Final quantitative model comparison is therefore reported on the locked Stanford validation split using an identical protocol and seed for every compared model. This keeps model-to-model deltas valid. A labeled held-out Stanford test evaluation would be a straightforward extension if `cars_test_annos_withlabels.mat` is obtained.

## Demo

The model is deployed in a Hugging Face Space:

- **Demo Space:** [https://huggingface.co/spaces/twincar-group2/twincar-demo](https://huggingface.co/spaces/twincar-group2/twincar-demo)

The Space supports:

- image upload
- webcam/clipboard input
- full-image prediction
- make/model/year display
- top-k predictions
- optional YOLO crop comparison mode

The YOLO cropper is experimental and default-off.
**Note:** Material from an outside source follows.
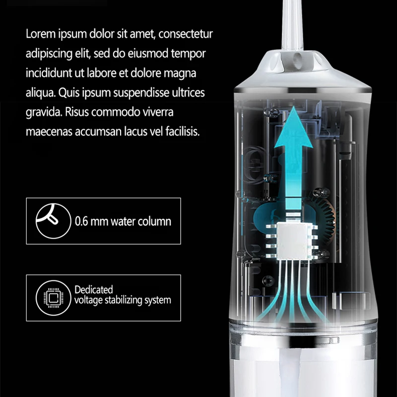 1. Точно очистите зазор между зубами и легко удалите бактерии и остатки пищи между зубами и деснами 2. Удобный и съемный дизайн резервуара для воды позволяет вовремя очистить грязь в резервуаре для воды, что делает очистку зубов более гигиеничной Вращающееся на 3,360 ° сопло может обеспечить многонаправленную очистку полости рта.
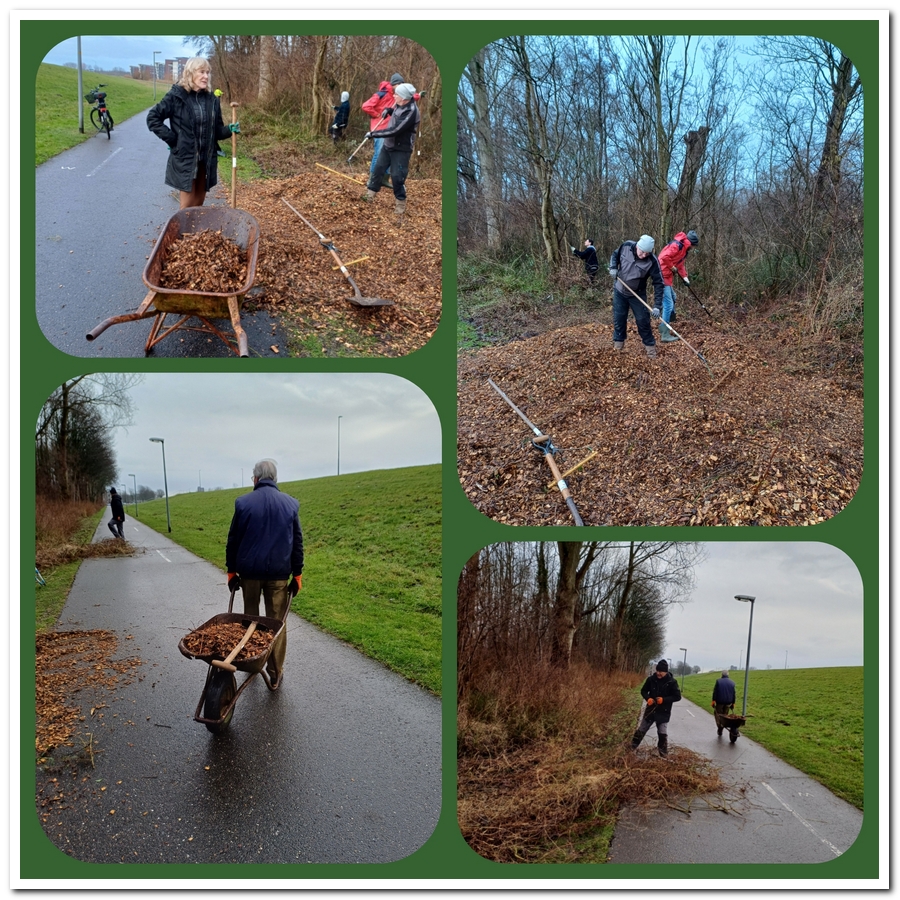 Snoeien bosborders rond Windbos 2 en 3. Clematis steken en alles ter plekke rillen dat werd ook gedaan door wel vijf man en Diana. Ook aan de rand van het bos, langs het fietspad onderaan de dijk zijn nog veel takken opgeruimd en gerild door deze mannen en vrouw.

The official prediction remains the full-image EfficientNet-B3 prediction.

## API and code

Project repository:

- **GitHub:** [https://github.com/Hristijan-kiko/twincar](https://github.com/Hristijan-kiko/twincar)

The GitHub repo includes:

- reusable Python package
- FastAPI inference endpoint
- Gradio demo app
- batch prediction script
- training and evaluation scripts
- robust evaluation reports
- CI with linting and tests

## W&B

Training and experiment tracking:

- **W&B project:** [https://wandb.ai/hzlatevskii-brainster-data-science-academy/twincar](https://wandb.ai/hzlatevskii-brainster-data-science-academy/twincar)

## Intended use

This model is intended for educational and prototype-level vehicle recognition experiments, especially make/model classification from car images similar to Stanford Cars.

Appropriate uses:

- fine-grained vehicle make/model recognition demo
- model comparison and robustness analysis
- prototype vehicle inspection workflow
- academic/academy project demonstration

Data note: weights are trained on the Stanford Cars dataset (research/educational use); the MIT license covers the project code. 
Use of the weights should respect the Stanford Cars dataset terms.

## Limitations

- The final model is trained on Stanford Cars, not on real drone/robot production footage.
- CompCars showed a strong domain gap and was not blindly merged into final training.
- True top-down drone views remain out-of-distribution.
- Robustness tests use controlled synthetic perturbations, not full real-world field validation.
- Year is derived from the fine-grained class label metadata, not learned as an independent year model.
- The system assumes the uploaded image contains a vehicle.
- Strong non-car/out-of-distribution rejection is not implemented yet.
- Similar models and years can be confused because fine-grained vehicle classification often depends on subtle visual details.

## Future work

- Build a verified Stanford Cars ↔ CompCars alias map.
- Fine-tune on a controlled CompCars surveillance subset.
- Add real production/drone/robot images for target-domain validation.
- Add non-car/out-of-distribution rejection.
- Add detector-assisted preprocessing as a validated default only if it improves real metrics.
- Explore multi-head prediction for make/model/year if independent outputs become necessary.